ITS analysis -- 2 Questions

Thanks kmitchell. I would like to use the procedure ( https://github.com/krmaas/bioinformatics/blob/master/mothur.fungal.batch ) you have outlined for ITS analysis.

Question #1 – A special case for skipping make.contigs?

Our lab used a primer set that would amplify ITS1, 5.8S, and ITS2 regions.
This expectation is based on the yeast genome.
It turns out the length of PCR amplicon is about 750 bp.

We are using MiSeq 300 x 2 (PE).
Based on the gene coordinates, we consider that Read1 would have most of ITS1, whereas Read2 would span ITS2 and some portion of 5.8S.
This means there shouldn’t be a place where Read1 and Read2 overlap.
Hence, is it reasonable to skip the make.contigs() step in this situation? Thank you.
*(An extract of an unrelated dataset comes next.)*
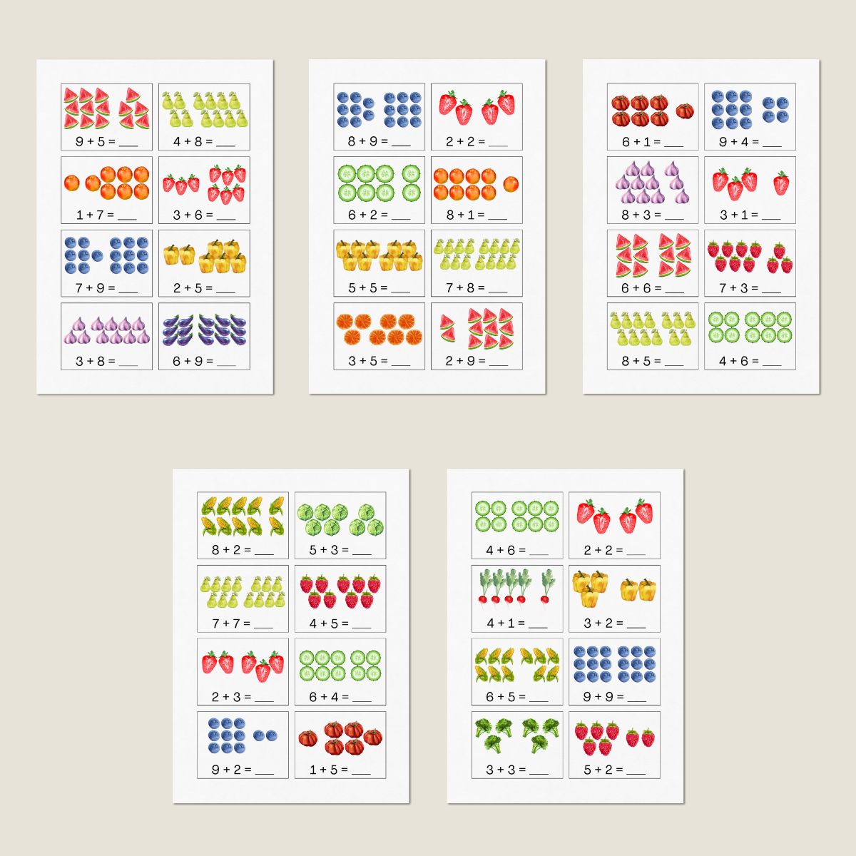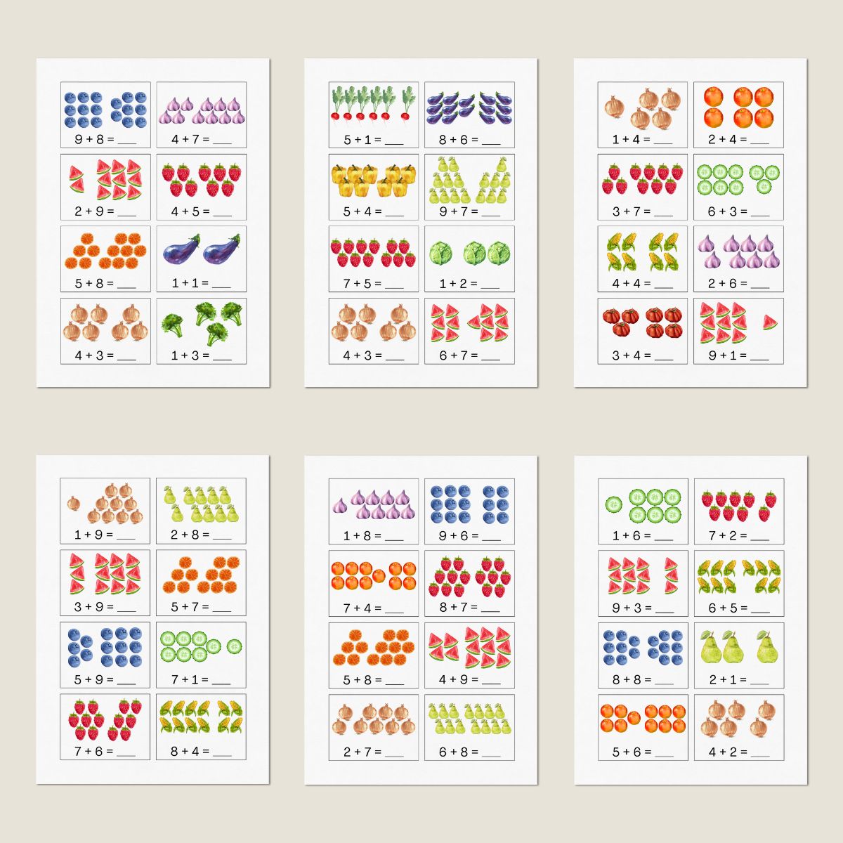 Šīs 11 darba lapas ir veidotas iekļaujot visus uzdevumus no 1+1 līdz 9+9.

Question #2 – If it is okay to skip make.contigs(), can I apply the above procedure, respectively, for Read1 ( ITS1 ) and Read2 ( ITS2 ), in our specific case? Thank you.

Have you already done the sequencing? Why attempt to sequence such a big chunk? Your error rate is going to be through the roof. You could still make.contigs but expect that most won’t overlap (I’d check merging the reads anyway just to see). I don’t have any recommendations for how to handle single read ITS because I’d rather spend the money to re sequence a smaller amplicon than months trying to make sense of data with that high of an error rate.
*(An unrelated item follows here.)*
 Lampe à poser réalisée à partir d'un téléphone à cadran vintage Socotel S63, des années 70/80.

Thanks a lot kmitchell for your timely and much helpful advice. Sure, I will talk to our sequencing team to see if they could choose another primer set that would just amplify a single ITS region, rather than the whole region. Thanks again !!

If you want to test out the difference, I can help with ITS2 sequencing and don’t have a minimum number of samples.